◆ Work instruction
With the line containing "elegant old money" as the start and the line containing "Molecularism to Aggregatism" as the end, transcribe that span of the entries below exactly, including both.

◆ Extracted information

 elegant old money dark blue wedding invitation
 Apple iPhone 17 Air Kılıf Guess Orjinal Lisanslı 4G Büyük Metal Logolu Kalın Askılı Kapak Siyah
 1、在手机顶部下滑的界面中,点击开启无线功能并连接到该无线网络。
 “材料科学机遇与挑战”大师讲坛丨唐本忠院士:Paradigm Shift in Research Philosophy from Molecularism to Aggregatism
---
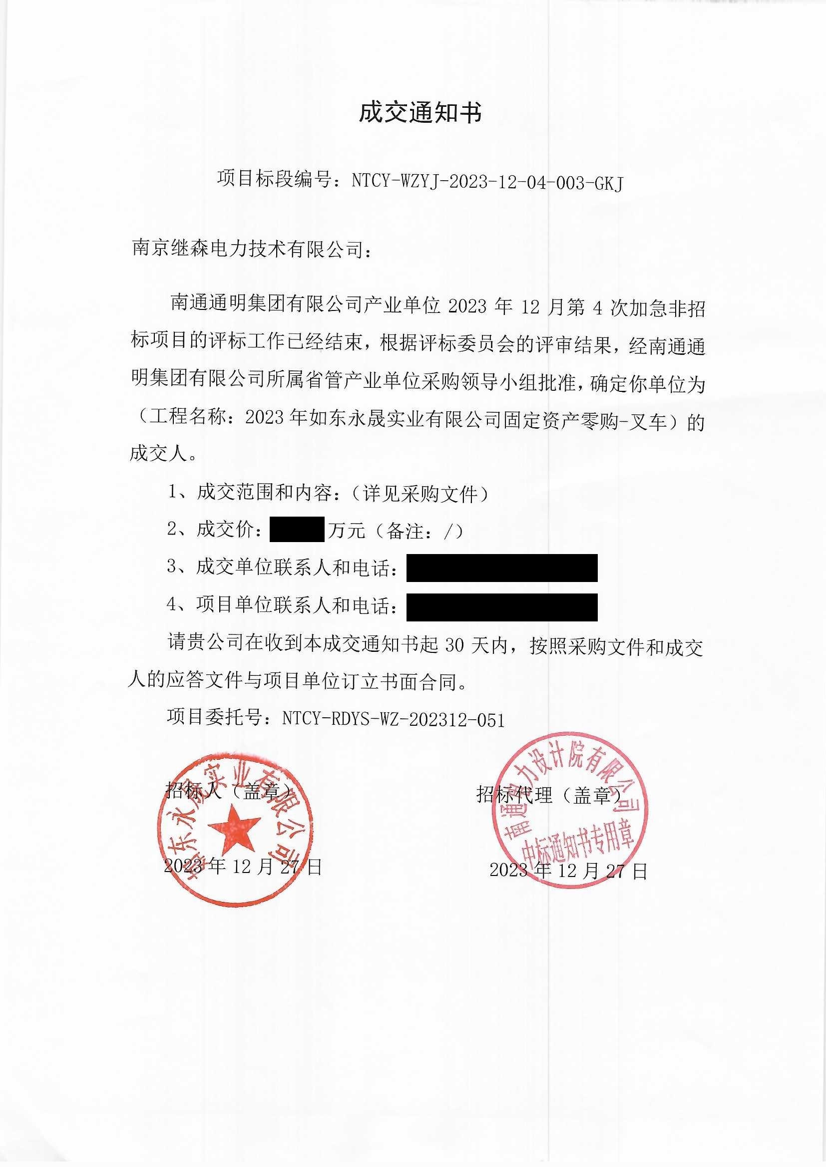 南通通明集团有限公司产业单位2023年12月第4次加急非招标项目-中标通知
---
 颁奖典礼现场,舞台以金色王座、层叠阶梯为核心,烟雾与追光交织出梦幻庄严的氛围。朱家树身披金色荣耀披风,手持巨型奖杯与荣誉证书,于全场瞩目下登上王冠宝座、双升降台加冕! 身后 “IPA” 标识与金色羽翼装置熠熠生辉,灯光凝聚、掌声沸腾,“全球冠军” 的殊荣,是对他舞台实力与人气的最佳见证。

◆ Exercise answer
 elegant old money dark blue wedding invitation
 Apple iPhone 17 Air Kılıf Guess Orjinal Lisanslı 4G Büyük Metal Logolu Kalın Askılı Kapak Siyah
 1、在手机顶部下滑的界面中,点击开启无线功能并连接到该无线网络。
 “材料科学机遇与挑战”大师讲坛丨唐本忠院士:Paradigm Shift in Research Philosophy from Molecularism to Aggregatism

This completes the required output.